Kurstakin molecules facilitate diesel oil assimilation by Acinetobacter haemolyticus strain 2SA through overexpression of alkane hydroxylase genes
Published in Environmental Technology, 2021
Mamadou Malick Diallo, Caner Vural, Umut Şahar, Guven Ozdemir
Tandem mass spectrometry (MS/MS) plays an important role in de novo peptide sequencing. Basic hydrolysis of the lipopeptide extract using 1 M NaOH for 24 h at room temperature gave a protonated pseudo molecular ion at m/z 927. The lactone ring opening by hydrolysis (24 h) of the lipopeptide shifted molecular mass of 907–927 [24]. Open form of the lipopeptide provides more information about the amino acid sequence in MS/MS fragmentation.
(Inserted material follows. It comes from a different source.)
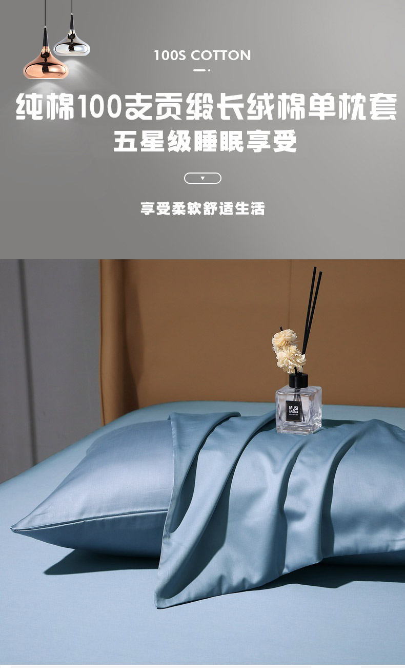 晶缦家纺 2024新款100S全棉贡缎长绒棉纯色四件套和单品-纯沐系列 单枕套 纯沐-天青蓝
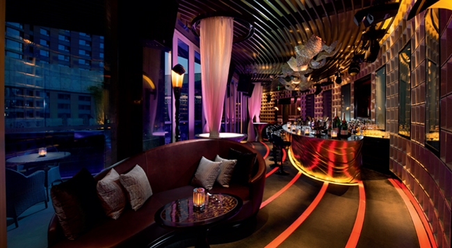 绯酒吧位于北京康莱德酒店裙楼5层顶层,由日本Spin事务所设计,室内的酒吧设有3种风格迥异的区域以满足不同的社交需求,随着音乐变换的波浪形LED灯效从舞池中央向外蔓延,日式风情庭院最适合喜爱享受户外的客人。绯酒吧酒单选择多样,除了倍受欢迎的特色鸡尾酒、经典鸡尾酒系列、香槟、新旧世界的葡萄酒、洋酒外,更有丰盛的美味餐点以满足派对狂热分子的需求;此外,绯酒吧还备有多款顶级雪茄。

MS/MS chromatograms spectra of two lipopeptides obtained on the Ion Trap instrument are shown in Figure 2. The protonated pseudo molecular ion at m/z 927, which is open form, generates fragments at m/z 779, 650, 632, 629, 501, 414. These ions have already characterized in the literatures before [24,26]. For example, fragment ion in this study at m/z 414 reflects [His-Glu-Glu]+, and that at m/z 501 gives information about [Ser-His-Glu-Glu] + . The difference between these two ions is 87 Da, which is corresponding to Serine amino acid. The other protonated pseudo molecular ion at m/z 924 was also studied using MRM system. This lipopeptide could be the linear C13 Kurstakin means that there is no lactone ring on molecular chain. The observed fragment ions of precursor m/z 924.3 were m/z 778, 632, 499, 481, 412. All these fragment ions provide a reasonable match to the sequence of Fatty Acid-Thr-Gly-Ala-Ser-His-Gln-Gln amino acids which were strongly supported by the MS data and a previous report of lipopeptides of similar structure [35–38].